* What is being asked *
Everything in the data that follows should be given again verbatim, except the images.

* Data section *
Content starts

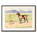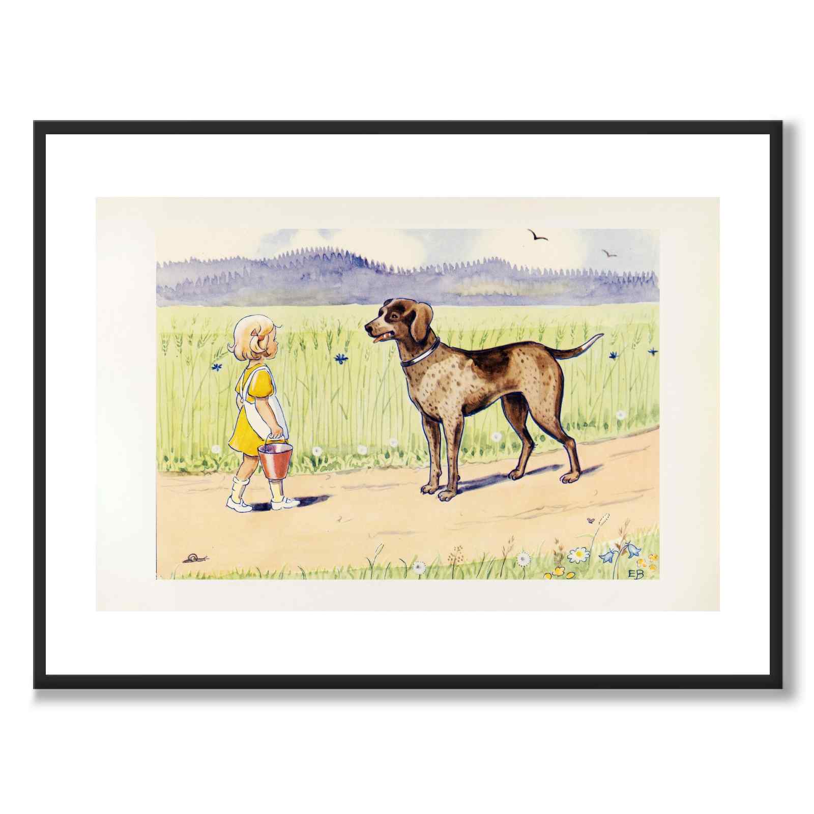 Poster with an illustration from Elsa Beskow's picture book "Duktiga Annika" which was published in 1941. The book is about Annika, a kind and talented girl who helps look after the cow Majros.
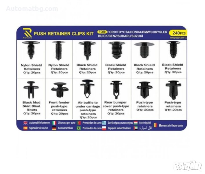 Универсални щипки Automat, 240бр, За Benz, Bmw, Honda, Toyota, Subaru, Ford, Suzuki, Chrysler, снимка 1 - Аксесоари и консумативи - 42703386 Универсални щипки Automat, 240бр, За Benz, Bmw, Honda, Toyota, Subaru, Ford, Suzuki, Chrysler, снимка 2 - Аксесоари и консумативи - 42703386 Универсални щипки Automat, 240бр, За Benz, Bmw, Honda, Toyota, Subaru, Ford, Suzuki, Chrysler, снимка 3 - Аксесоари и консумативи - 42703386 1/3
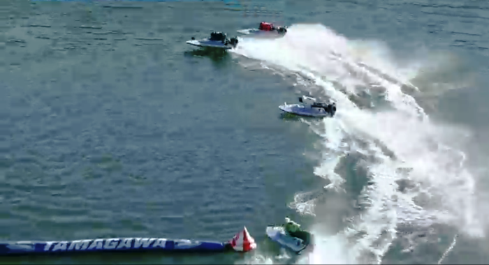 位置関係としては一号艇に分があるようだが、三号艇の舳先がかかり、その三号艇には生田二号艇の舳先が掛かっており、一号艇とは一艇身の差がありながらも、二号艇にも充分勝機が見える態勢のまま、二マークを迎える。ここからが超抜モーターらしさであった。
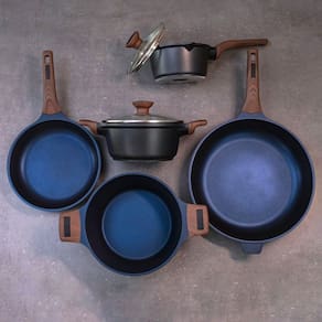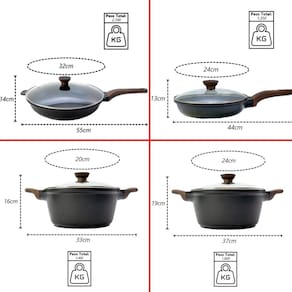 Kit 5pç Caçarolas Frigideiras Antiaderente Temperatti Nigro A panela antiaderente, também conhecida como teflon, é revestida com uma substância capaz de repelir certas substâncias. Por isso, a comida não gruda nela. É resistente a altas temperaturas e a arranhões. As caçarolas em alumínio antiaderente contam com uma camada que cobre o seu material e evita que o alimento grude em seu interior. Dessa forma, contribuem para uma culinária saudável, dispensando o uso excessivo de gordura ou óleos vegetais. Para quem gosta de um peixe ou filé de frango grelhado, ou não dispensa uma omelete delicioso, não pode deixar de ter uma em sua cozinha. Compatível com os demais fogões: Indução, Elétrico, Gás e Vitrocerâmico. Livre de PFOA. Manutenção e Dicas: 1. Evite grandes mudanças de temperatura. (Levar uma panela quente para a água fria pode fazer com que a panela deforme.) 2. Limpe suas panelas antiaderentes com esponjas que não causem riscos. 3. Use detergentes mais suaves para limpar suas panelas antiaderentes. 4. Não use metal na sua panela antiaderente. 5. Não é ideal para máquina lava louças. 6. Evite altas temperaturas de cozimento. 7. Não deixe a panela vazia no fogo. Especificações Técnicas:Alças e Cabos Revestidos com Soft Touch.Modelo: Temperatti.Fundo: 5mm.Linha: Nigro. Medidas Caçarola 20cm:Comprimento com a Alça: 33cm.Largura: 20cm.Peso: 1,400Kg.Altura: 16cm. Medidas Caçarola 24cm:Comprimento com a Alça: 37cm.Largura: 24cm.Peso: 1,800Kg.Altura: 19cm. Medidas Frigideira 24cm:Comprimento com o Cabo: 44cm.Largura: 24cm.Peso: 1,350Kg.Altura: 13cm. Medidas Frigideira 32cm:Comprimento com o Cabo: 55cm.Largura: 32cm.Peso: 2,100Kg.Altura: 14cm. Medidas Panela 16cm:Comprimento com o Cabo: 37cm.Peso: 0,900Kg.Largura: 16cm.Altura: 14cm. Itens Inclusos:01 Caçarola Antiaderente Cerâmico Temperatti Nigro AM TV 20cm.01 Caçarola Antiaderente Cerâmico Temperatti Nigro AM TV 24cm.01 Frigideira Antiaderente Cerâmico Temperatti Nigro CM TV 24cm.01 Frigideira Antiaderente Cerâmico Temperatti Nigro CM TV 32cm.01 Panela Antiaderente Cerâmico Temperatti Nigro CM TV 16cm. Código: 2146JAVProdutoLojaPlast.

Content ends

* Answer to this task *
 Poster with an illustration from Elsa Beskow's picture book "Duktiga Annika" which was published in 1941. The book is about Annika, a kind and talented girl who helps look after the cow Majros.
 Универсални щипки Automat, 240бр, За Benz, Bmw, Honda, Toyota, Subaru, Ford, Suzuki, Chrysler, снимка 1 - Аксесоари и консумативи - 42703386 Универсални щипки Automat, 240бр, За Benz, Bmw, Honda, Toyota, Subaru, Ford, Suzuki, Chrysler, снимка 2 - Аксесоари и консумативи - 42703386 Универсални щипки Automat, 240бр, За Benz, Bmw, Honda, Toyota, Subaru, Ford, Suzuki, Chrysler, снимка 3 - Аксесоари и консумативи - 42703386 1/3
 位置関係としては一号艇に分があるようだが、三号艇の舳先がかかり、その三号艇には生田二号艇の舳先が掛かっており、一号艇とは一艇身の差がありながらも、二号艇にも充分勝機が見える態勢のまま、二マークを迎える。ここからが超抜モーターらしさであった。
 Kit 5pç Caçarolas Frigideiras Antiaderente Temperatti Nigro A panela antiaderente, também conhecida como teflon, é revestida com uma substância capaz de repelir certas substâncias. Por isso, a comida não gruda nela. É resistente a altas temperaturas e a arranhões. As caçarolas em alumínio antiaderente contam com uma camada que cobre o seu material e evita que o alimento grude em seu interior. Dessa forma, contribuem para uma culinária saudável, dispensando o uso excessivo de gordura ou óleos vegetais. Para quem gosta de um peixe ou filé de frango grelhado, ou não dispensa uma omelete delicioso, não pode deixar de ter uma em sua cozinha. Compatível com os demais fogões: Indução, Elétrico, Gás e Vitrocerâmico. Livre de PFOA. Manutenção e Dicas: 1. Evite grandes mudanças de temperatura. (Levar uma panela quente para a água fria pode fazer com que a panela deforme.) 2. Limpe suas panelas antiaderentes com esponjas que não causem riscos. 3. Use detergentes mais suaves para limpar suas panelas antiaderentes. 4. Não use metal na sua panela antiaderente. 5. Não é ideal para máquina lava louças. 6. Evite altas temperaturas de cozimento. 7. Não deixe a panela vazia no fogo. Especificações Técnicas:Alças e Cabos Revestidos com Soft Touch.Modelo: Temperatti.Fundo: 5mm.Linha: Nigro. Medidas Caçarola 20cm:Comprimento com a Alça: 33cm.Largura: 20cm.Peso: 1,400Kg.Altura: 16cm. Medidas Caçarola 24cm:Comprimento com a Alça: 37cm.Largura: 24cm.Peso: 1,800Kg.Altura: 19cm. Medidas Frigideira 24cm:Comprimento com o Cabo: 44cm.Largura: 24cm.Peso: 1,350Kg.Altura: 13cm. Medidas Frigideira 32cm:Comprimento com o Cabo: 55cm.Largura: 32cm.Peso: 2,100Kg.Altura: 14cm. Medidas Panela 16cm:Comprimento com o Cabo: 37cm.Peso: 0,900Kg.Largura: 16cm.Altura: 14cm. Itens Inclusos:01 Caçarola Antiaderente Cerâmico Temperatti Nigro AM TV 20cm.01 Caçarola Antiaderente Cerâmico Temperatti Nigro AM TV 24cm.01 Frigideira Antiaderente Cerâmico Temperatti Nigro CM TV 24cm.01 Frigideira Antiaderente Cerâmico Temperatti Nigro CM TV 32cm.01 Panela Antiaderente Cerâmico Temperatti Nigro CM TV 16cm. Código: 2146JAVProdutoLojaPlast.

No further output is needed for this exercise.